標准箱型圖通過以上數字中的三個計算名義上的數據范圍，將超出該范圍的點標示為極端值，用獨立的點表示。包型圖表示兩個數字變量的關系，二維的包對應標准箱型圖中的箱，並標示出極端值。

7、corrplot（）函數圖示相關性矩陣

相關性矩陣是獲取多個數字變量間關系的初步看法的有效工具。

在圖中，瘦長的橢圓表示指定的變量間存在較大相關性，近乎圓形表示相關性近似為0.

# Load the corrplot library for the corrplot() function
library(corrplot)

# Compute the correlation matrix for these variables
corrMat <- cor(data)

# Generate the correlation ellipse plot
corrplot(corrMat,method="ellipse")

8、構造和繪制rpart() 模型

決策樹容易觀察和解釋，是預測模型的一種常用方式。

# Load the rpart library

library(rpart)

# Fit an rpart model to predict medv from all other Boston variables
tree_model <- rpart(medv~.,data=Boston)

# Plot the structure of this decision tree model
plot(tree_model)

# Add labels to this plot
text(tree_model,cex=0.7)

9、使用symbol（）函數來顯示多於兩個變量之間的關系。

散點圖顯示一個數字變量是如何隨第二個數字變量改變。symbols（）允許擴展散點圖來顯示其他變量的影響。circles參數用來創建一個氣泡圖，每個數據點由一個圓圈表示，半徑基於第三個變量值。
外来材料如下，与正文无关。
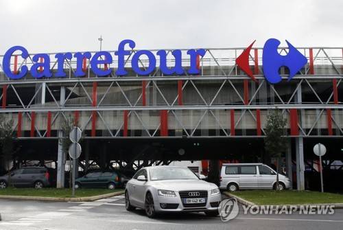 A car leaves a Carrefour supermarket in Anglet, southwestern France, Tuesday, Jan.23, 2018. French retailer Carrefour says it will invest 2.8 billion euros ($3.4 billion) over the next five years in online shopping as part of a plan to boost growth that will also result in 2,400 job cuts. (AP Photo/Bob Edme)
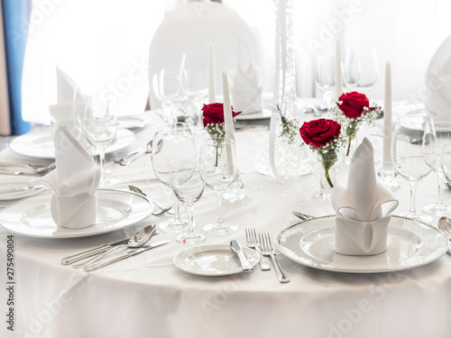 table, eatery, dinner, wedding, glasses, setting, banquet, party, plate, white, dining, napkin, decoration, wine, food, catering, celebration, tablecloth, luxury, place, knife, reception, fork, lunch, event, elegant, holiday, meal, interior, silver, arrangement

# Call symbols() to create the default bubbleplot
symbols(Cars93$Horsepower, Cars93$MPG.city,
circles = Cars93$Cylinders)

# Repeat, with the inches argument specified
symbols(Cars93$Horsepower, Cars93$MPG.city,
circles = Cars93$Cylinders,
inches = 0.2)

10、點陣圖示例

# Load the lattice package
library(lattice)

# Use xyplot() to construct the conditional scatterplot
xyplot(calories ~ sugars | shelf, data = UScereal)

三、環境函數par()

par（）函數用於設置圖形參數，且參數一直保持有效直到被下一個par（）命令重置。

空參數的par()命令返回當前所有圖形參數值。

例：創建一個一排2列的圖形陣列

par(mfrow = c(1, 2))

四、為圖形添加細節

1、line（）在已存在的圖中添加線條

# Create the numerical vector x
x <- seq(0, 10, length = 200)

# Compute the Gaussian density for x with mean 2 and standard deviation 0.2
gauss1 <- dnorm(x, mean = 2, sd = 0.2)

# Compute the Gaussian density with mean 4 and standard deviation 0.5
gauss2 <- dnorm(x, mean = 4, sd = 0.5)

# Plot the first Gaussian density
plot(x, gauss1, type = "l", ylab = "Gaussian probability density")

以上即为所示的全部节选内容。